Set of concepts and practices used for solving a problem that can be used as a template for solving similar problems.

LLM

A Large Language Model is a pre-trained language model with ample knowledge about many different topics that can deliver answers in a way similar to human speech. It will be used to provide clues to the user.

Gemini

A LLM developed by Google. It will be one of the LLMs used in our application.

Gitlab flow

Branching strategy whit 3 different branch types. A Master branch with stable code for release, a Deployment branch where errors are still being fixed and a Feature branch for each feature developed for the system.

MongoDB

An opensource Database system NoSQL. Since it is non-relational, the data isn’t stored in tables but in BSON, a structure similar to JSON.

NoSQL databases

Umbrella term used for database systems that store data in a non-relational way. In relational databases, data is stored in tables and connections are established through relationships.
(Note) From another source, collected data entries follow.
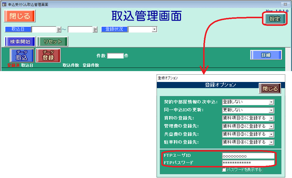 取込管理画面の[設定]ボタン内の「FTP ユーザ ID」「FTP パスワード」欄に、イタンジ社が発行する ID、PW を入力します。
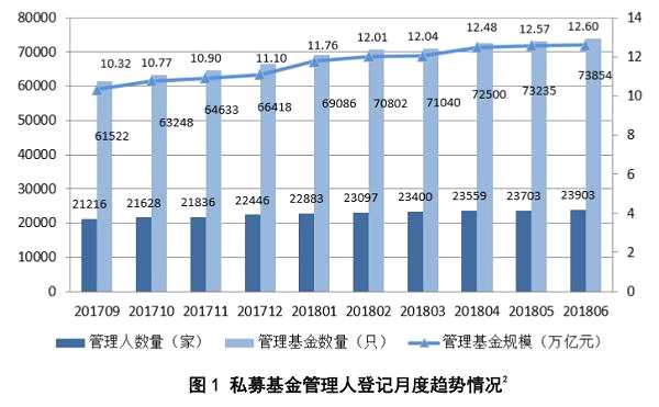 根據(jù)中國基金協(xié)會會長洪磊對外透露的數(shù)據(jù)顯示,從2014年底至2018年6月底,中國私募基金取得了顯著的發(fā)展,私募管理規(guī)模從2.38萬億元增至12.60萬億元,增長429%。私募管理人從7358家增至23903家,增長224%。
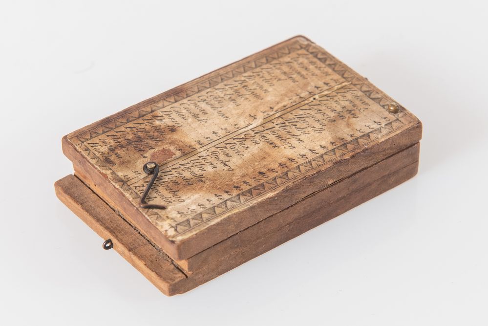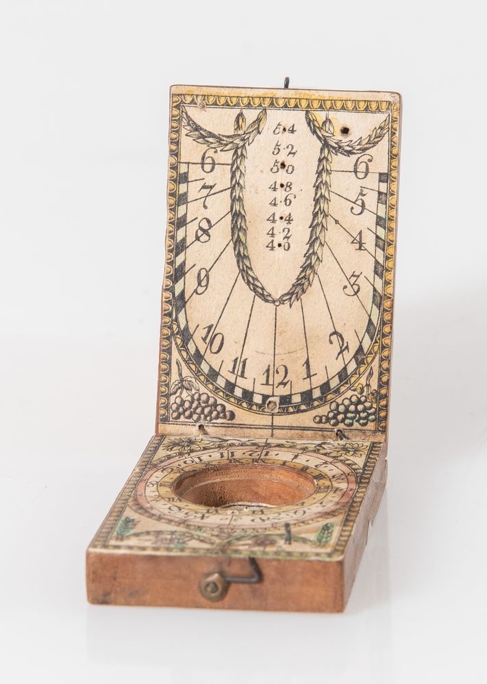 Orologio solare in legno con applicazioni in carta. XVIII secolo. Cm 1,5x4,3x7. (difetti e rotture)
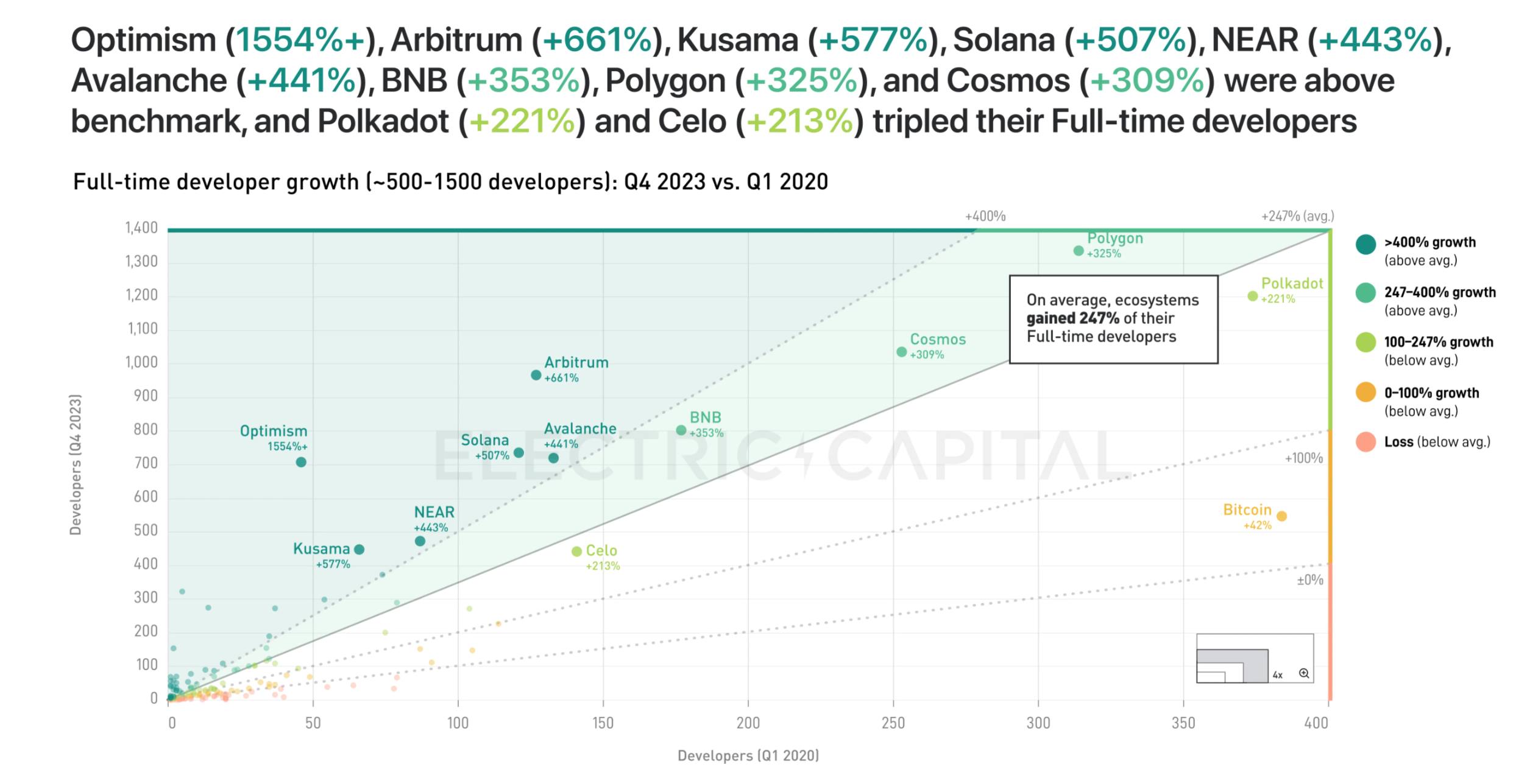 Am 17. Januar 2024 veröffentlichte Electric Capital den Crypto Developer Report 2023. Dieser gewährte durch die Analyse von 485 Millionen Code-Commits (Fehlerbehebungen, Aktualisierungen und Neuimplementierungen) in 818.000 Open Source Repositories einen tiefen Einblick in die Welt der Blockchain Branche.
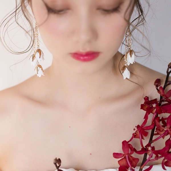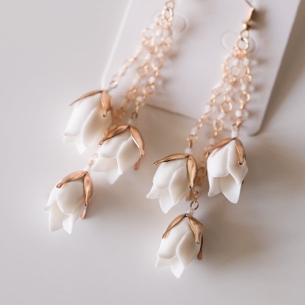 【送料無料】メール便 ブライダルピアス ホワイト ゴールド つぼみ u6|ウェディング・ブライダルアクセサリーならPIARY(ピアリー)
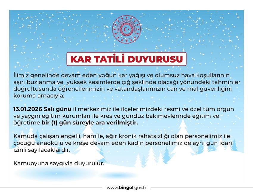 Bingöl ValiliÄŸi Basın ve Halkla İliÅŸkiler MüdürlüÄŸü’nden tatil kararı hak...
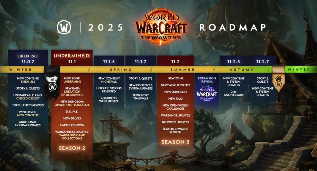 Content updates like Siren Isle and Undermined are part of WoW retail roadmap for 2025. They will bring back Plunderstorm, Turbulent Timeways, and Horrific Visions. Going beyond that, The War Within will give us a full 2 seasons in 2025 with new dungeons and raids.
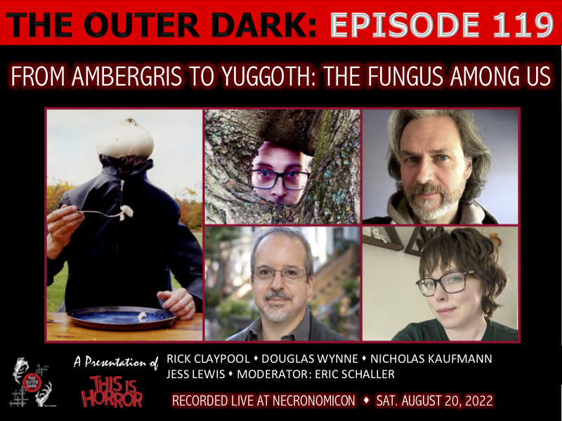 The Outer Dark presents “From Ambergris to Yuggoth: The Fungus Among Us” a NecronomiCon 2022 panel moderated by Eric Schaller and featuring Rick Claypool, Nicholas Kaufmann, Jess Lewis, and Douglas Wynne. This podcast’s content was recorded in Providence, RI, on August 20, 2022.
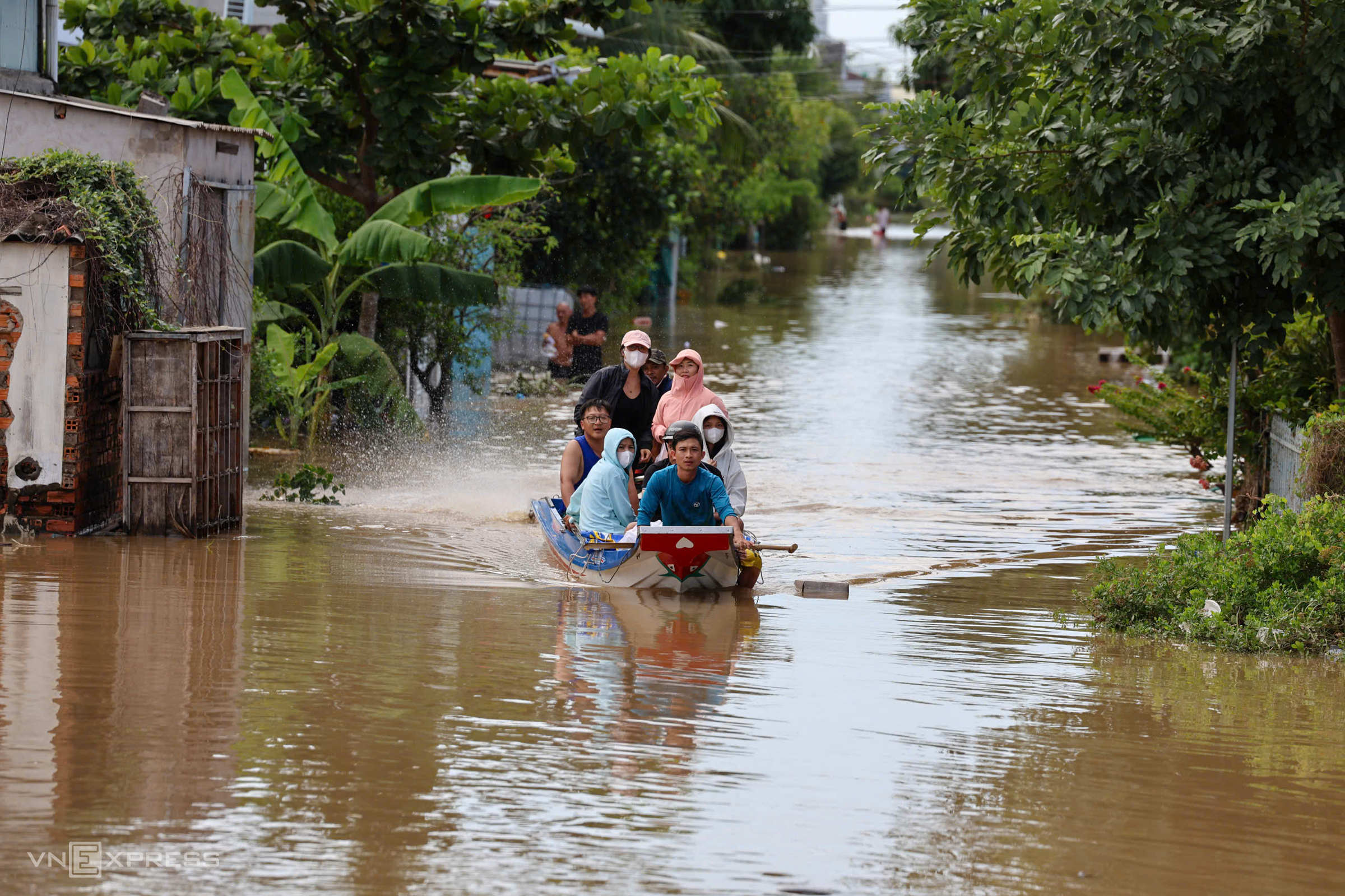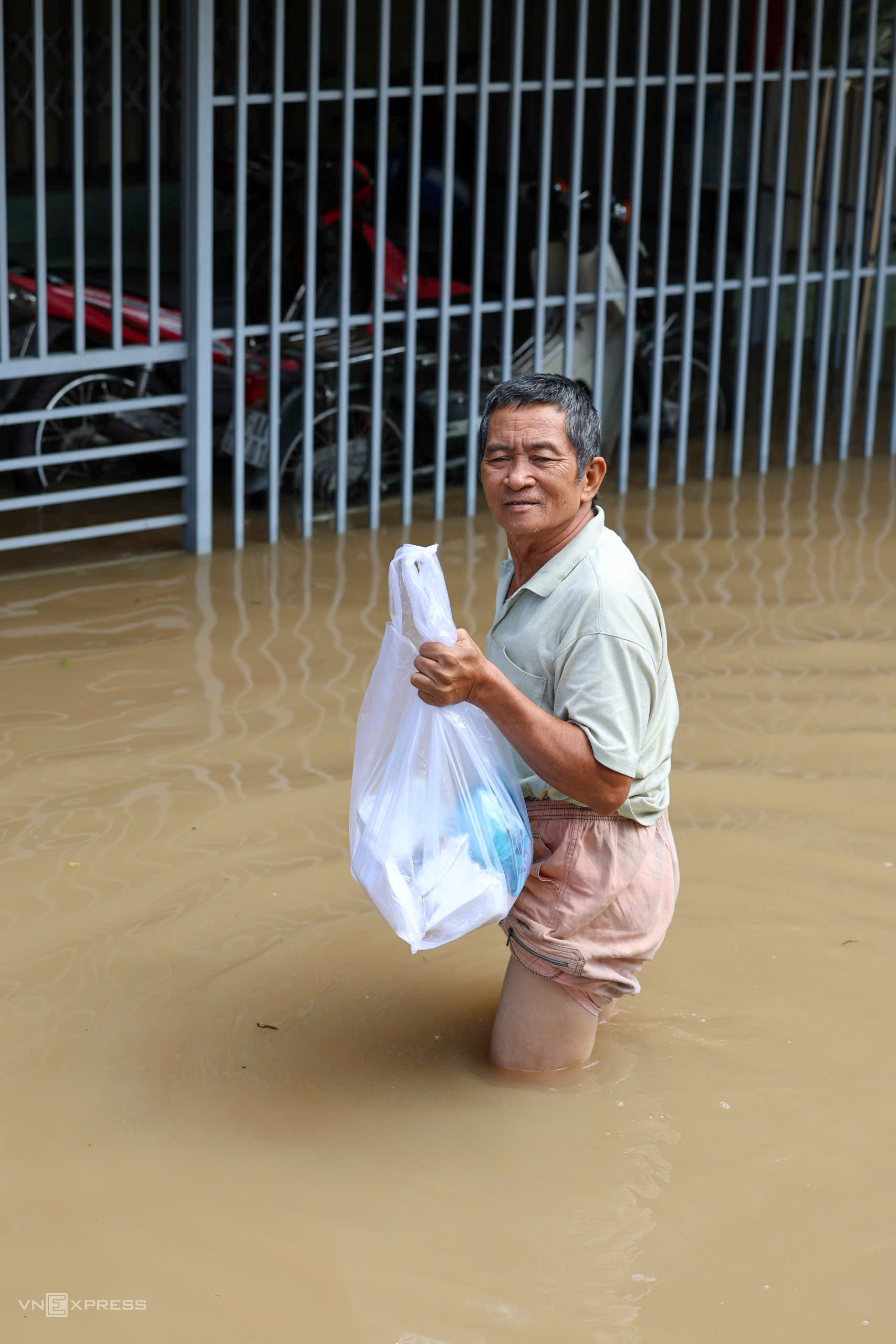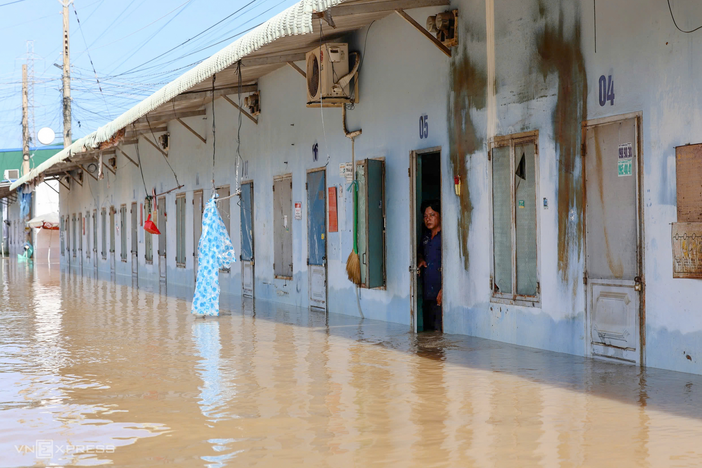 Water covered the area in front of a rental complex in Ham Thang ward. Some residents remained to protect their property.
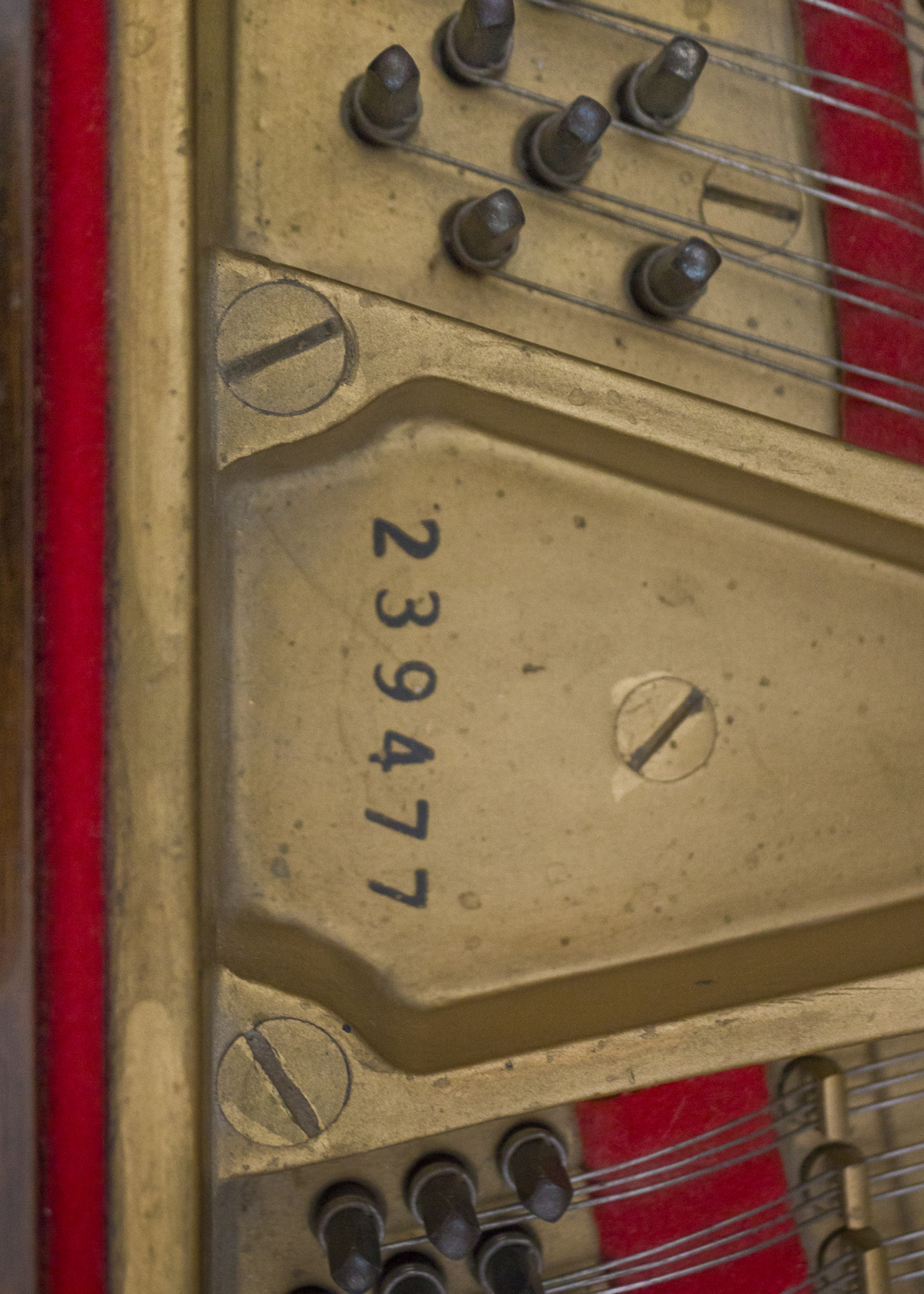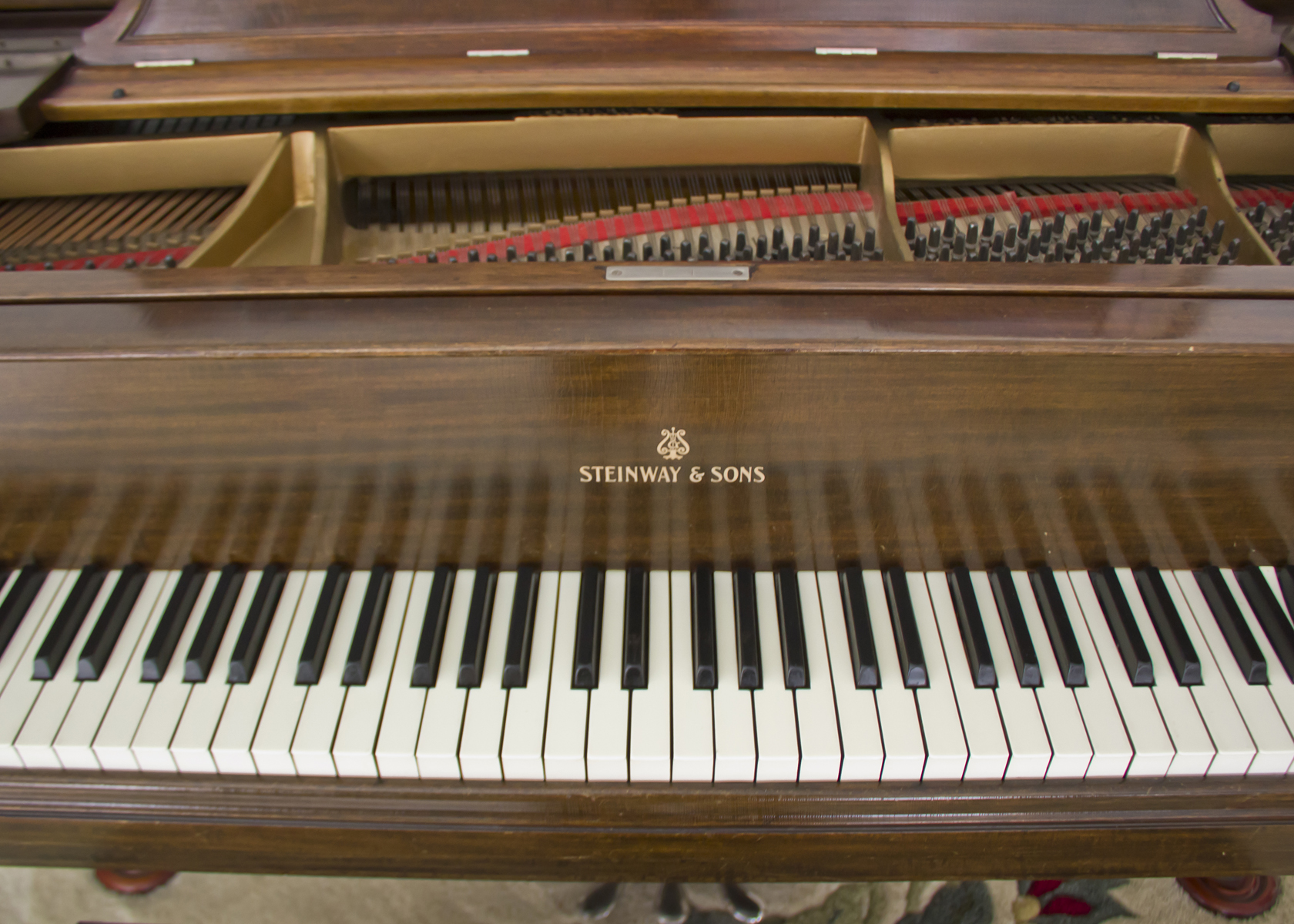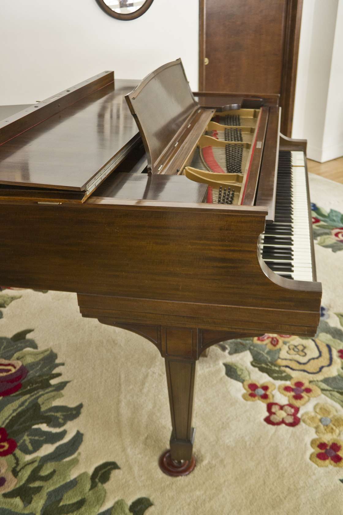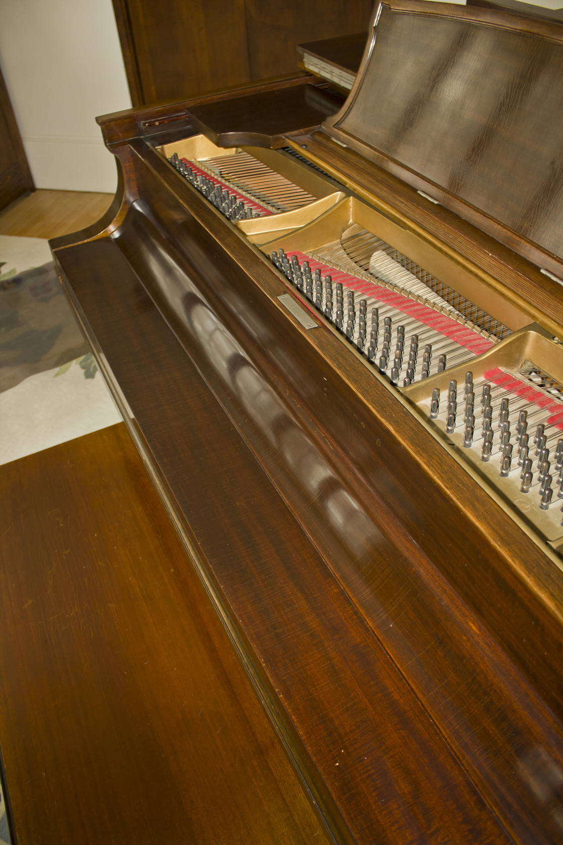 Condition Report in 2017: Piano has been maintained in good condition with regular cleaning and tuning. A humidity system to keep wood and mahogany finish in good condition is installed. Key tops in good condition. Action functions like pedals, and tonal producing systems, need further restoration.
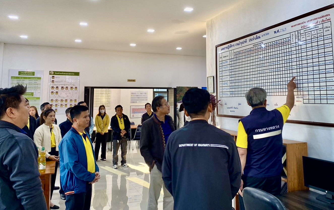 วันที่ 16-17 มกราคม 2567 นายวรศักดิ์ วงษ์รอด ผู้อำนวยการสำนักงานทางหลวงที่ 1 เดินทางไปตรวจราชการในพื้นที่แขวงทางหลวงแม่ฮ่องสอน และหมวดทางหลวงปาย เพื่อติดตามการดำเนินงานและตรวจเยี่ยมให้กำลังใจเจ้าหน้าที่ โดยมีว่าที่ร้อยตรียอดเพ็ชร คำแสงดี ผู้อำนวยการแขวงทางหลวงแม่ฮ่องสอน นายธนกร วงศ์พุฒิ รองผู้อำนวยการแขวงทางหลวงแม่ฮ่องสอน (ฝ่ายวิศวกรรม) นายวัธนา เชื้อทอง รองผู้อำนวยการแขวงทางหลวงแม่ฮ่องสอน (ฝ่ายปฏิบัติการ) นางสาวนิชาภา เทพนากิจ รองผู้อำนวยการแขวงทางหลวงแม่ฮ่องสอน (ฝ่ายบริหารงานทั่วไป) หัวหน้าหมวดทางหลวง พร้อมเจ้าหน้าที่ ให้การต้อนรับ และรายงานผลการปฏิบัติงาน พร้อมทั้งร่วมแลกเปลี่ยนแนวทางการปฏิบัติงานเพื่อพัฒนางานบำรุงรักษาทางหลวงให้มีประสิทธิภาพ
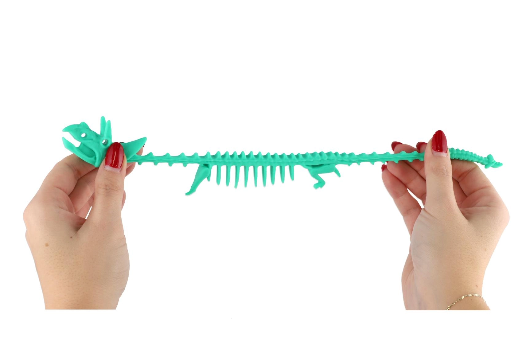 Questo scheletro di dinosauro allungabile è un perfetto strumento antistress per momenti quotidiani di relax. Il silicone morbido ed elastico consente di schiacciare, allungare e torcere il giocattolo senza timore di danneggiarlo, aiutando a liberare la tensione e a migliorare la concentrazione.
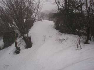 - この日の天候は 悪く 終日 視界のきかない中 雨 ミゾレ 雪と変化し、 気温上昇と 雪腐りに苦労しました。

NoSQL databases don’t follow this format and may relate the elements of the database using any other method.

JSON

Text format used for transferring data. Information is stored in pairs of “name” and “value”, with “name” acting as an identifier for the attribute and “value” its current value.

BSON

(Binary JSON) Data format used by MongoDB. It includes all JSON data structure types and adds support for types including dates, different size integers, ObjectIds, and binary data.

Docker

Platform for developers and system administrators. Provides an extra layer or abstraction compared to Virtual Machines since the containers themselves are not found on the guest operating system but on Docker. It also provides orchestration between containers without the big files needed for VMs.

Container

Executable package that encloses an application. Multiple containers can form a complex architecture while remaining isolated from each other. It is a live instance of an image, allowing it to be shared and stored.

Image

File that includes everything necessary to run an application such as code, runtime system, libraries, runtime variables and configuration files. This will ensure that running the application is consistent independently of the environment.